Description of the problem
A customer large customer ring 211-212-213-214-215-216 composed of 2.5G bidirectional multiplexing segment, in which 211 and 212 are 10G equipment other sites for the 2500 + equipment, 211 and 212 are connected to the bare fiber (that is, the actual fiber optic cable connection) between the other sites are connected through the Metro6100 equipment wave channel for networking.
On a certain day, the fiber optic cable between users 211 and 212 is disconnected, and the 9-slot S16 at site 216 (connected to the 215 Anhua 10-slot S16) irregularly and instantaneously reports R_LOS or R_LOF, resulting in an abnormal reversal of the multiplexing segment and service interruption. 15-slot SL16A at site 211 occasionally follows the 9-slot S16 at site 216 and reports R_LOS or R_LOF at the same time.

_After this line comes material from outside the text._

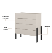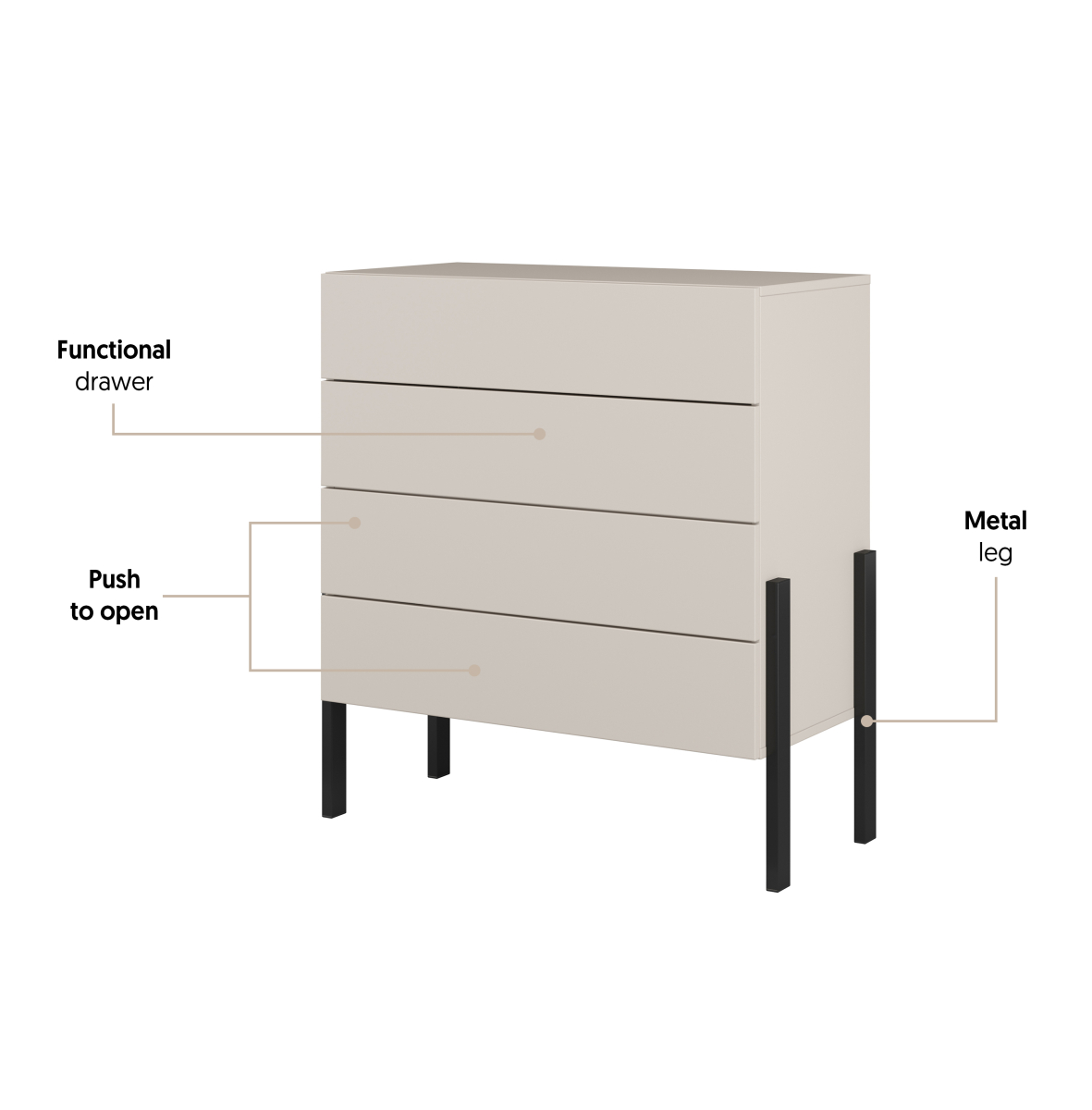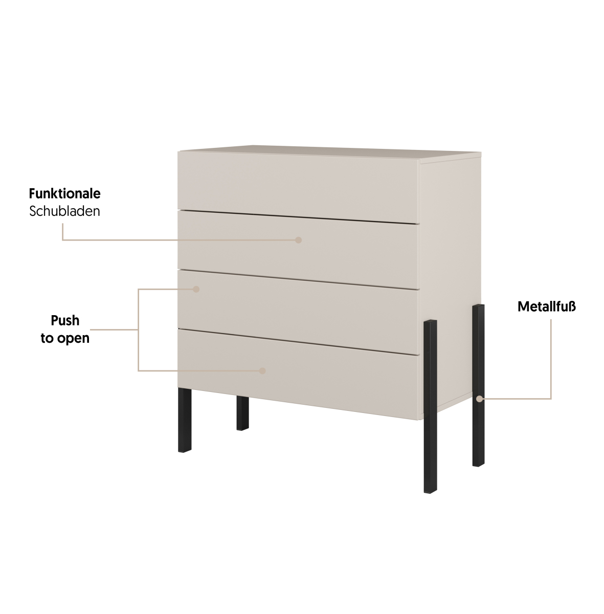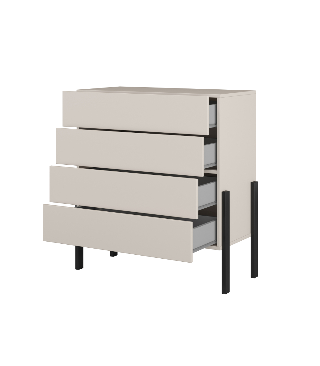 Sektorová spálňa JUKON - komoda 24KSND22 - moderný spálňový nábytkový sektor v nadčasovom dizajne, trendovom farebnom prevedení kašmír, na vysokých / 19,5 cm / čiernych kovových nožičkách. Spálňa JUKON prinesie do interiéru vašej spálne eleganciu, atmosféru harmónie a tepla. Trendový kašmírový odtieň v kombinácii so štíhlymi čiernymi nohami vytvára jemný kontrast, ktorý prinesie do interiéru vašej spálne vizuálnu ľahkosť a vzdušnosť. Materál z ktorého je nábytok vyrobený je laminovaná certifikovaná drevotrieska v hrúbkach 15, 22 mm. Úchytky nie sú, na otváranie slúži systém STLAČ A OTVOR.
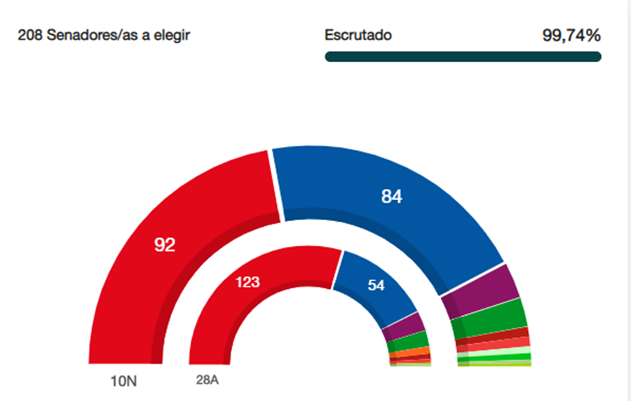Vox experimenta un enorme ascenso que duplica su representación en el Congreso, con 52 escaños frente a los 24 de los anteriores comicios, el PP sube hasta los 88 cuando tenía 66 representantes, y Ciudadanos sufre una debacle aún mayor que la pronosticada por las encuestas, al bajar de 57 a tan solo 10 escaños.

During troubleshooting, the first-line engineers can reproduce the fault every time by shutting down the laser of SL16A in slot 16 or 15 at site 211 when the network-wide multiplexing segment protocol is normal. After the full network multiplexing protocol is stopped, the fault cannot be reproduced by the above operation. Swapping the east-west optical interface boards at sites 211, 215, and 216 does not cause the fault to disappear. The fault does not disappear by swapping the crossover boards of 215 and 216.
Processing
The following is the specific positioning process from August 24th to August 31st:
1. Since the fault does not reappear in the case of a network-wide protocol stop, it means that the fault is only related to the inversion action (i.e., the switching of pages). In order to prove this, we carry out a multiplexing segment practice inversion and a mandatory inversion for the east and west directions of site 211 respectively, and the fault does not reappear in the case of the practice inversion, and the fault reappears in the case of the mandatory inversion. From this it is clear that the failure is indeed due to multiplexed segment inversion (page switching) and has nothing to do with the protocol itself.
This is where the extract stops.